OK, but this is absolutely the last one.”

Finnegan practically inhaled the little morsel of apple.  Before I knew it, his paws and expectant stare were once again at hip level.

“C’mon! For old times sake?!”

“Look, Finny, I’d love to.  But the fact is, eating too much sweet food has been linked with gastrointestinal stasis in rabbits.  In fact, the MSD Vet Manual says that eating too many sweets can cause enterotoxaemia.”

Finnegan’s eyes grew wide. “That sounds bad!” he said, returning his front paws to the floor and backing up a little.

Very bad.  So bad I don’t even want to talk about how bad.  Let’s just say, at the very least, it would involve lots of grabbing, poking, and being stuck with needles.”

“Ugh!” Finnegan shook his ears in distaste.

“But you do like being petted, right?”

“I do now,” he replied looking up shyly.

“Well you can have as much of that as you want.”

So I set my apple down, and as I joined him on the floor for pets, Finnegan melted into a large, furry, white puddle of happy rabbit.

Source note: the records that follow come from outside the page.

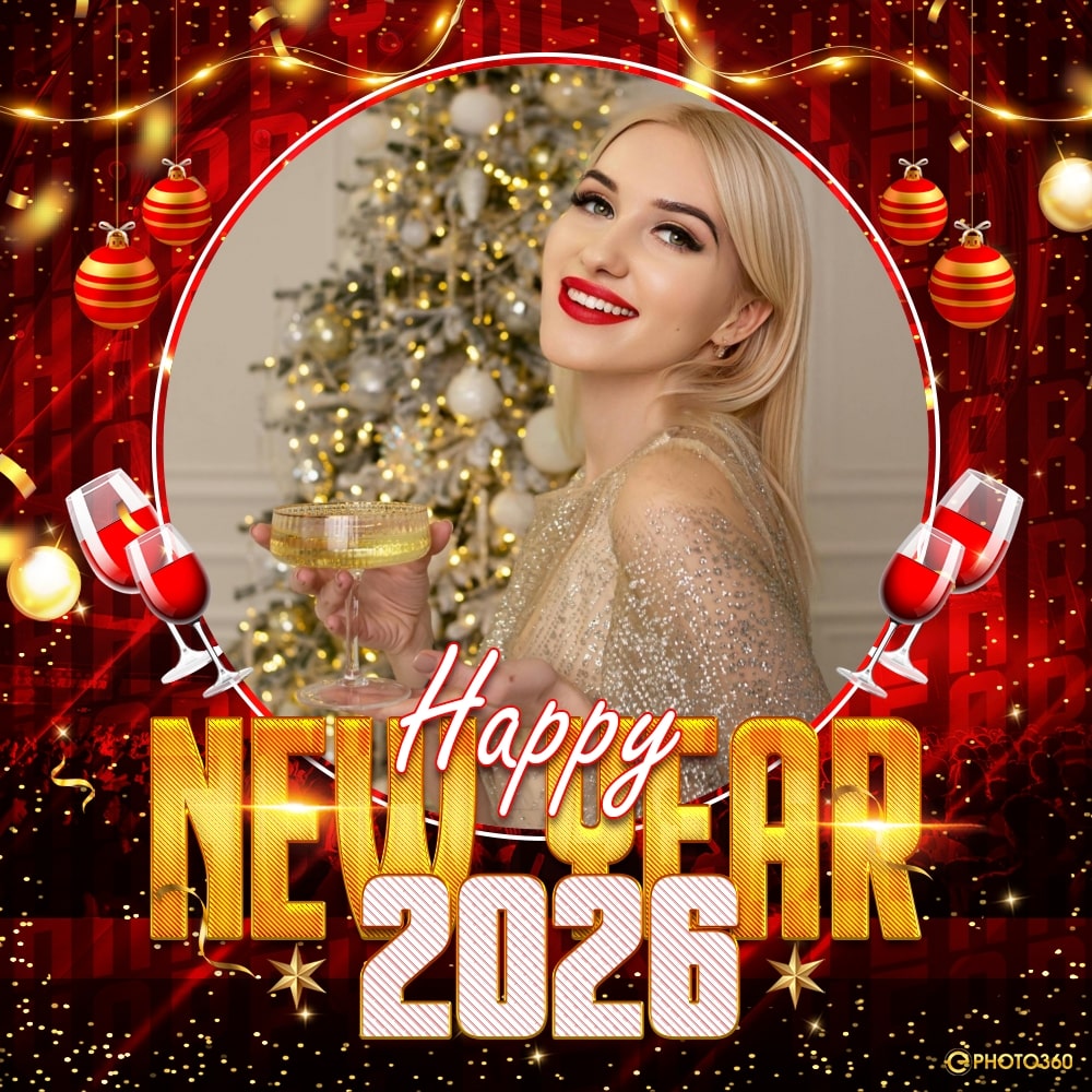 Template of beautiful Happy New Year 2026 photo frames free. If you are looking for a brilliant new Happy New Year 2026 photo collage effect to send Happy New Year greetings to friends and relatives, do not miss this luxurious and polite New Year photo collage and frame design. Easily create and share new year pictures, bringing New Year 2026 atmosphere to your photos.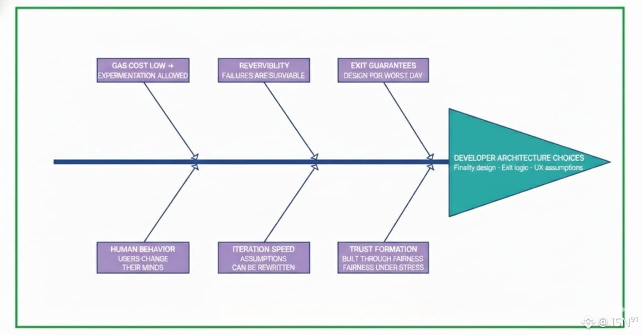Plasma doesn't just move execution off-chain. It changes how developers feel about building. When gas stops punishing curiosity and reversibility is part of the design, architecture becomes less defensive and more honest.
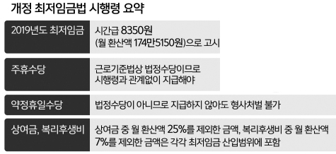 정부가 2018년 12월 24일 내놓은 최저임금법 시행령 개정안에서 수정된 부분은 경영계가 “약정휴일 수당과 시간이 최저임금 산정에 고려되면 부담이 커진다”고 새롭게 이의 제기한 부분을 제외한 내용이다.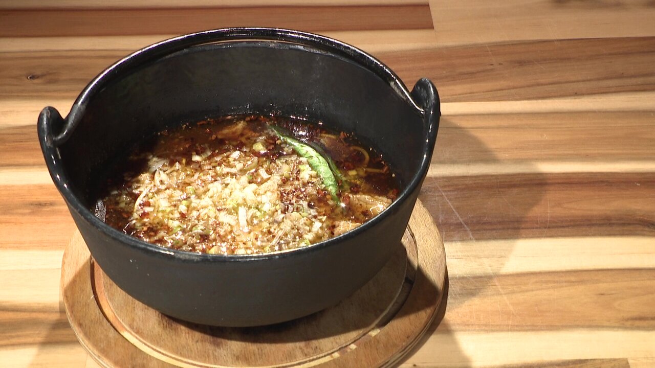 続いての鍋料理は、羊肉が主役。しっかり取ったダシに、もうもうと熱した油をかけて香りを引き出す四川料理です。ガツンと辛い中華が食べたい!という方にうってつけ。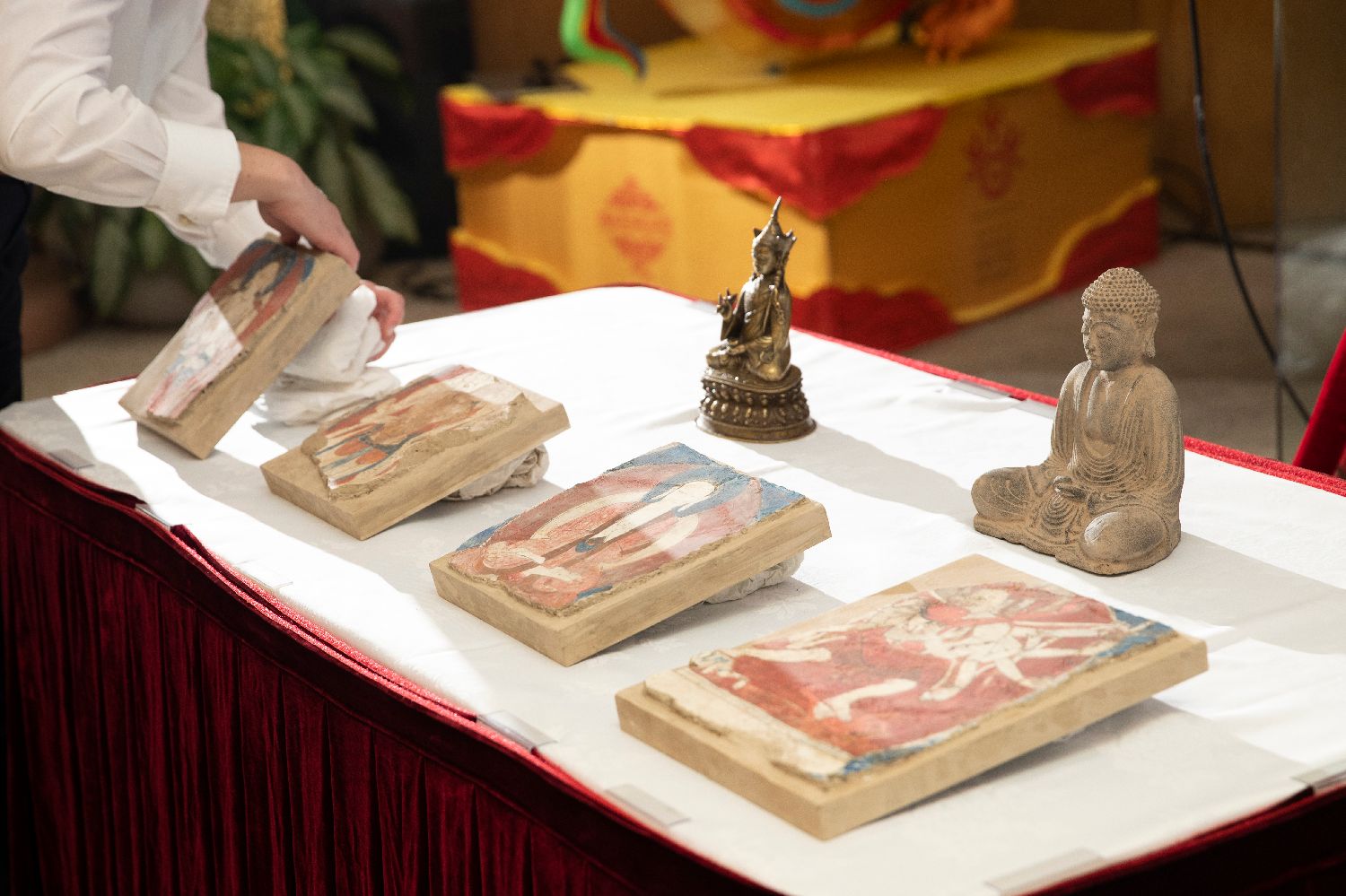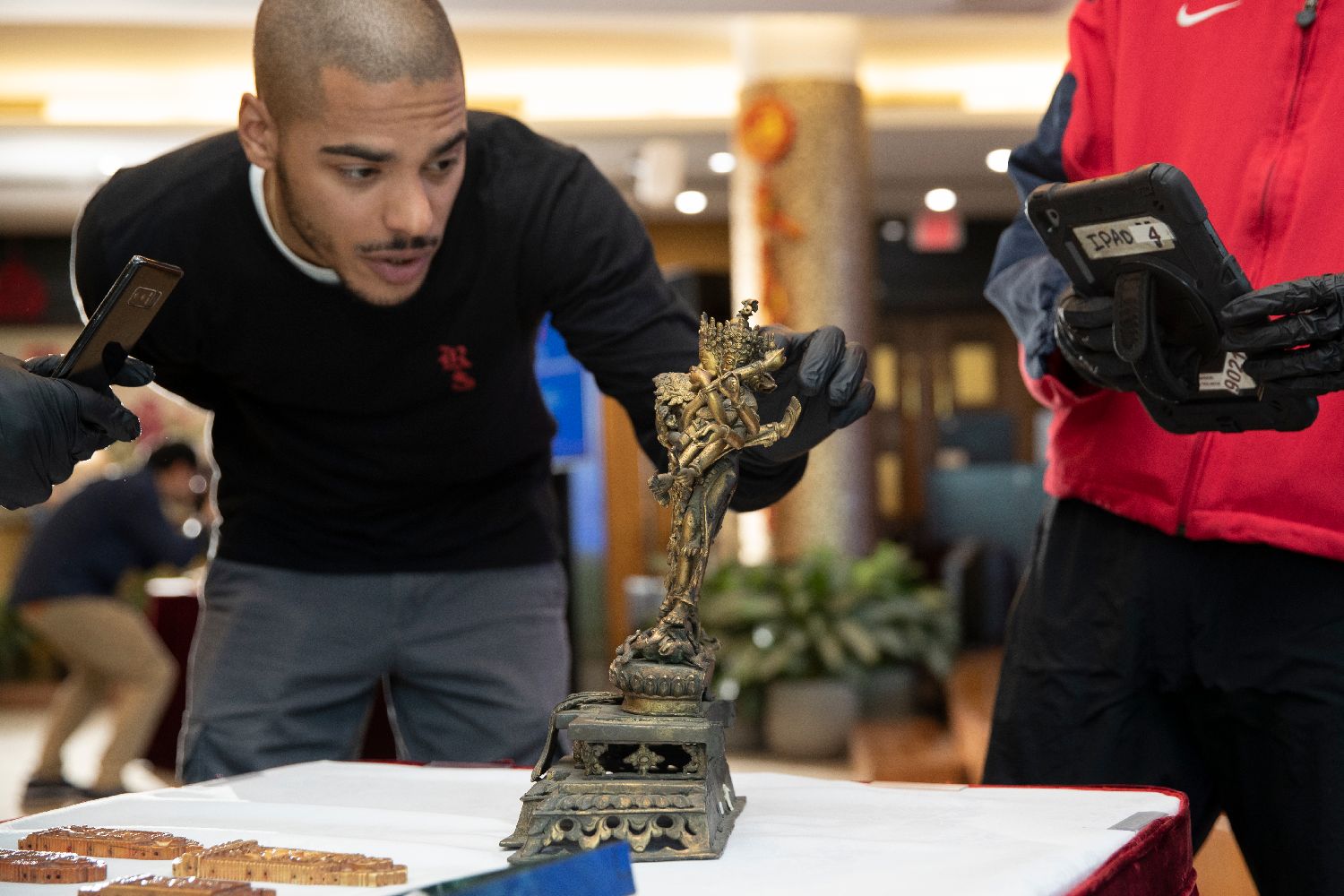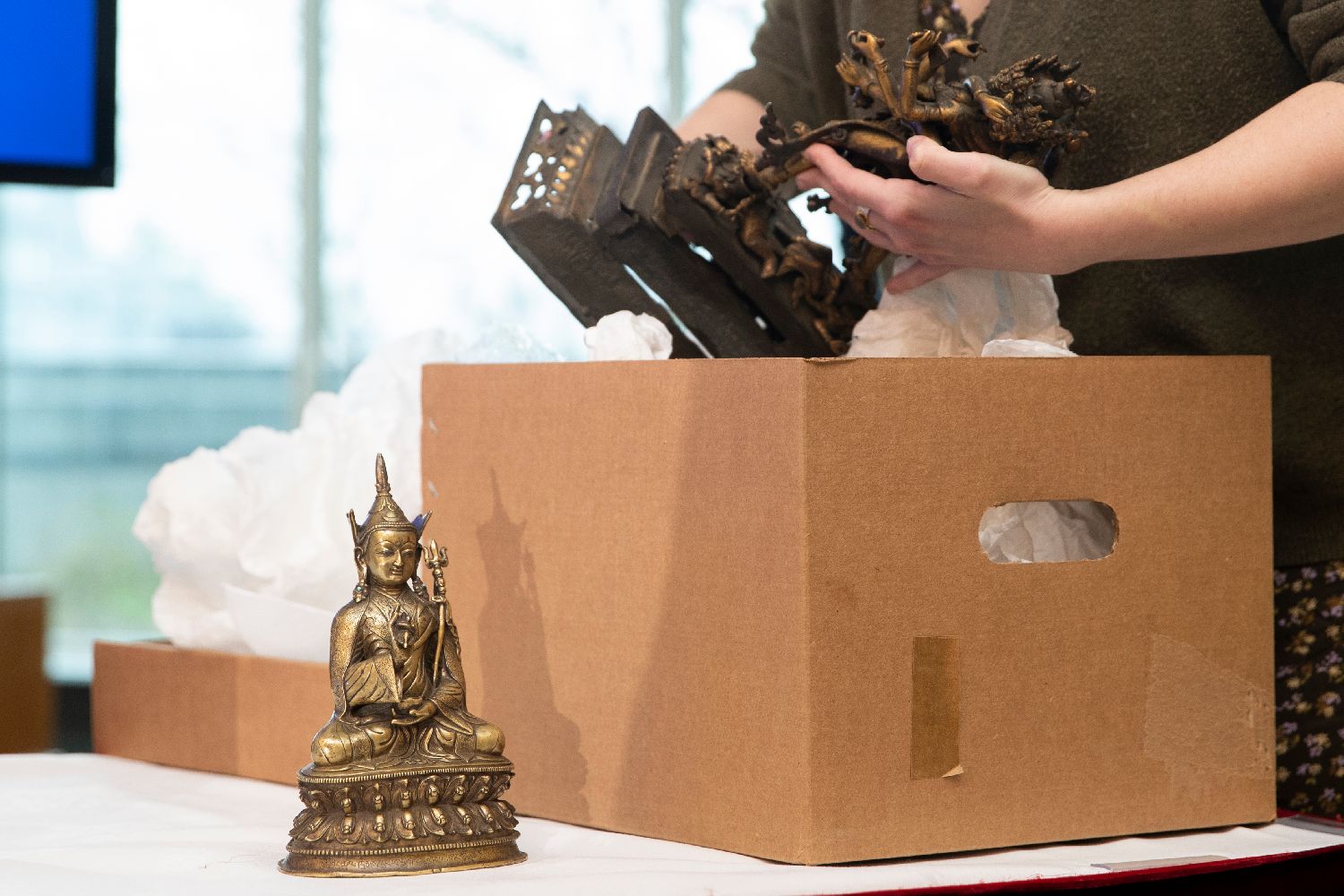 美方工作人员清点铜鎏金胜乐金刚像等文物。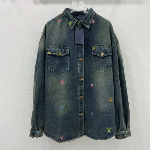 • 루이비통 LOUIS VUITTON 2024 SS 캐릭터 로고 자수 카라 긴팔 여성 청셔츠 커스텀급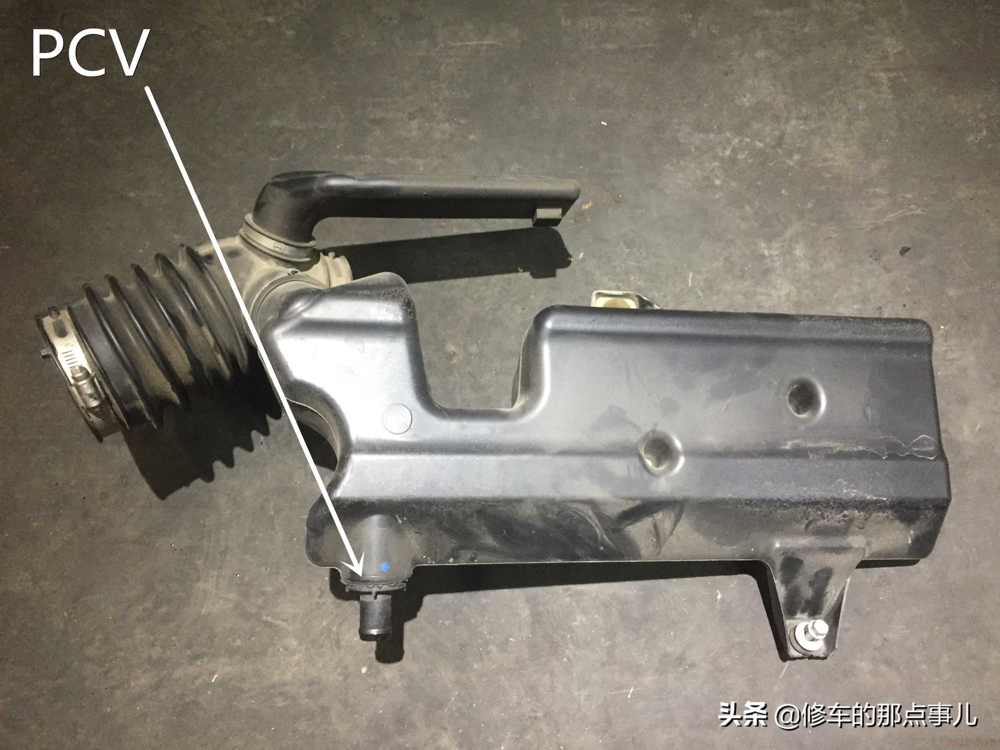 在节气门和空气滤芯之间一个进气的谐振腔,上面集成了PCV阀(曲轴箱强制通风)。造型是不是感觉很怪异,其实都有它存在的道理。

The Fluffy Tail of This Blog Post

Most rabbits, like most people, have a sweet tooth!  Just as we give gifts of candy and other confections to bond with our human loved ones, being a source of yummy delights helps your furry friend learn how awesome you are.  But be careful!  Just like with humans, too many sweets will cause health problems for bunnies.  So use treats in moderation — the sweeter the food, the less you should give.  For the sake of his health, make sure the vast majority your long-eared loved one’s daily diet is hay!

4 thoughts on “The Apple of Finnegan’s Eye

  1. An apple for the teacher!!
    Great way to pass on the do’s and don’ts of sweets for a bunny
    Sounds just like the conversation between me and my great grand- dog, Sophie!